Young, well trained, ambitious

The Moldovan youngster with the prominent glasses is also exceptionally skilled at “sabering”, an art that is said to date back to Napoleonic times. Daniel opened 49 champagne bottles with a saber in only 30 seconds. Last June, his achievement was officially certified by Guinness World Records. It is the first record in his country.

Daniel is studying at the National College of Viticulture and Winemaking in Stauceni about 3km north of the capital Chisinau. The competence centre was founded in 2016 and forms part of the oldest agricultural school in Moldova. "We are an institution with long-standing traditions that we have preserved to this day," headmaster Sergiu Zabolotnyi says proudly. Nonetheless, there is still a lot to do in terms of curricula, equipment and trainings for teachers, he emphasises.

Lagging behind here and there

Moldova needs to catch up in many ways. The small republic is one of the poorest countries in Europe. Rural regions are particularly affected. Despite their training, especially young people fail to find employment. Often, all that is left is to move abroad. In the past ten years, more than a third of the working-age population has left the country.

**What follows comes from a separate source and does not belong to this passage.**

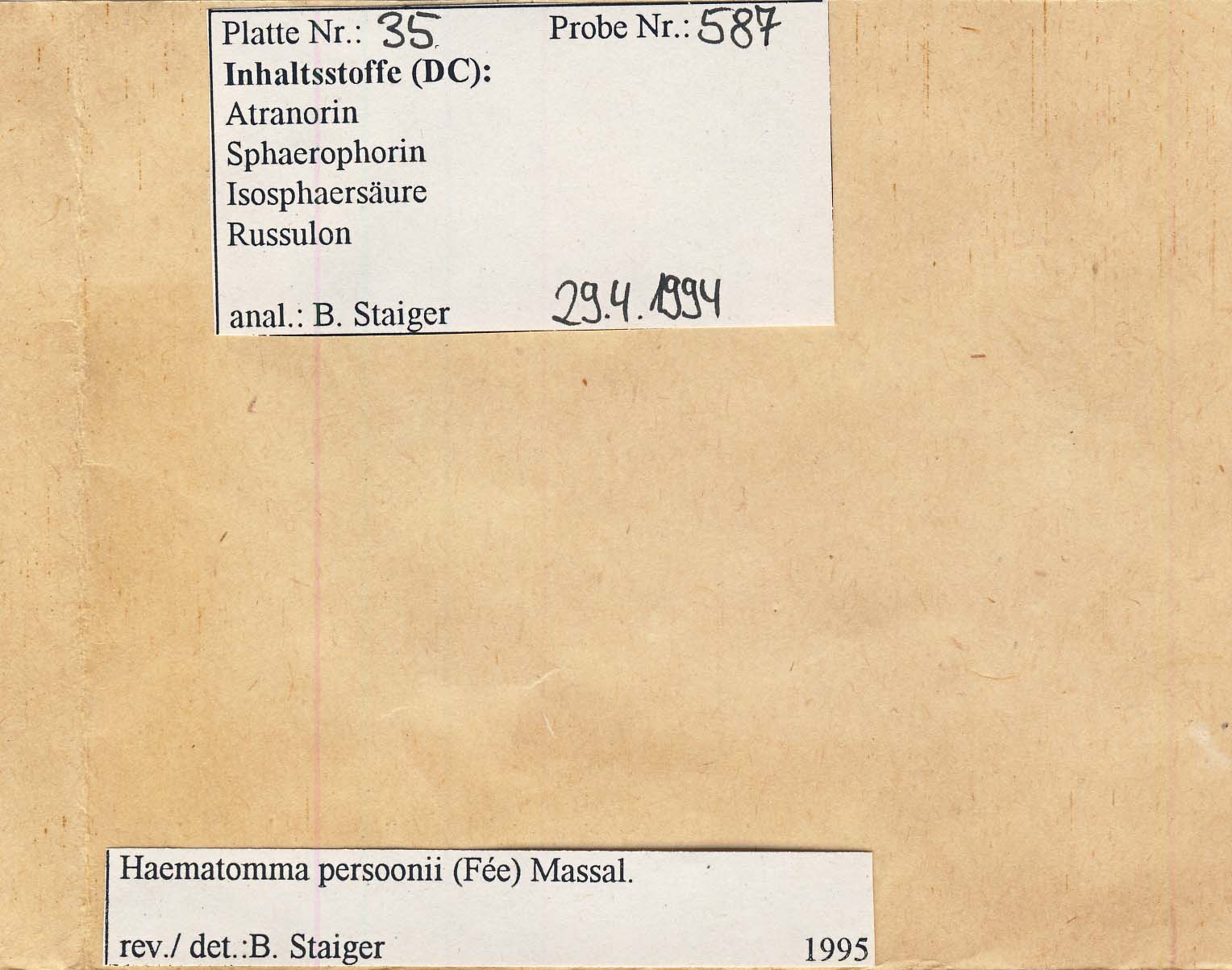 - Deposited in parcel no. 50 Haematomma

The EU and Austrian Development Cooperation want to reverse the trend by closing the gap between the Moldovan education system and the requirements of the labour market. Together with the educational centre PRO DIDACTICA, they enhance vocational training in the agricultural sector and ensure that it is aligned with European standards. The school in Stauceni is only one of numerous training centres that benefit.

Learning today for tomorrow

Modernised curricula, trainings for teachers and new equipment are also needed in the IT sector where Austria and PRO DIDACTICA closely collaborate with the private sector. During their training, around 600 students are being prepared for the needs of IT companies. On top of that, they get to deepen their knowledge through internships.

Future perspectives at last

Alexia Dintiu is studying at the Centre of Excellence in Informatics and Information Technology in Chisinau. Her father, an informatics teacher, encouraged the 17-year-old to take this step. "My father said that IT is the future," says the young woman. She doesn't regret her decision. "We know for sure that we will get a job in the IT sector," she says, confirming her wish to stay in Moldova.

Daniel doesn’t consider turning his back on his homeland either: "I’m doing what I’ve always wanted to do." The young sommelier already has his next goal in mind: his very own shop for wine and cider.